*RECORDED INFORMATION*:
::::::::
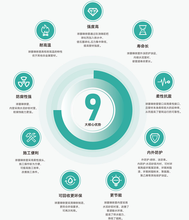 球墨鑄鐵管是指鐵水經添加球化劑后,經過離心球墨鑄鐵機高速離心鑄造成的管材。球墨鑄鐵管中石墨是以球狀形態存在的,克服了片狀石墨對鐵基體連續性的阻止作用,使鐵具有了卓越的可延性、柔韌性和抗沖擊性,因而材料本身的機械性能得到了較好改善,具有鐵的本質、鋼的性能。
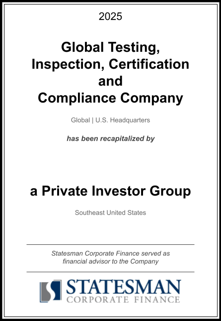 HOUSTON, TEXAS (December 16, 2025) – Statesman Corporate Finance, LLC (“Statesman”) is pleased to announce the majority recapitalization of a global testing, inspection, certification and compliance company (“the Company”). Statesman served as the exclusive financial advisor to the Company on this transaction. The Company provides mandated safety- and compliance-oriented services for offshore vessels, platforms and other marine infrastructure.
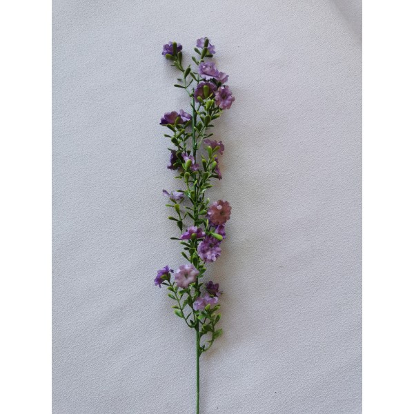 Větvička plastová s květy; větvička a lístky jsou plastové, květy textil. V. 57 cm. Opět naskladněny všechny barvy.
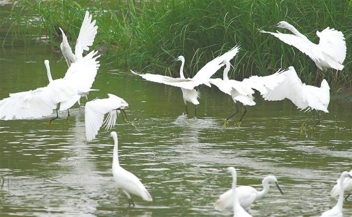 8月20日,上百只白鹭在西安浐灞生态区浐河桃花潭公园或跳跃起舞,或低头觅食,或悠然站立,形成了一幅美丽和谐的生态画卷。近年来,经过治理后的浐河绿树成荫,河道宽广,河边芦苇依依,景色优美,尤其是水质得到明显改善,非常适合白鹭、苍鹭等野生水鸟生活。
::::::::
*EXERCISE OBJECTIVE*:
All lines from the line with "Větvička plastová s" through the final line of the listing are to be printed exactly, both ends included; the pictures are not.

*RESPONSE AREA*:
 Větvička plastová s květy; větvička a lístky jsou plastové, květy textil. V. 57 cm. Opět naskladněny všechny barvy.
 8月20日,上百只白鹭在西安浐灞生态区浐河桃花潭公园或跳跃起舞,或低头觅食,或悠然站立,形成了一幅美丽和谐的生态画卷。近年来,经过治理后的浐河绿树成荫,河道宽广,河边芦苇依依,景色优美,尤其是水质得到明显改善,非常适合白鹭、苍鹭等野生水鸟生活。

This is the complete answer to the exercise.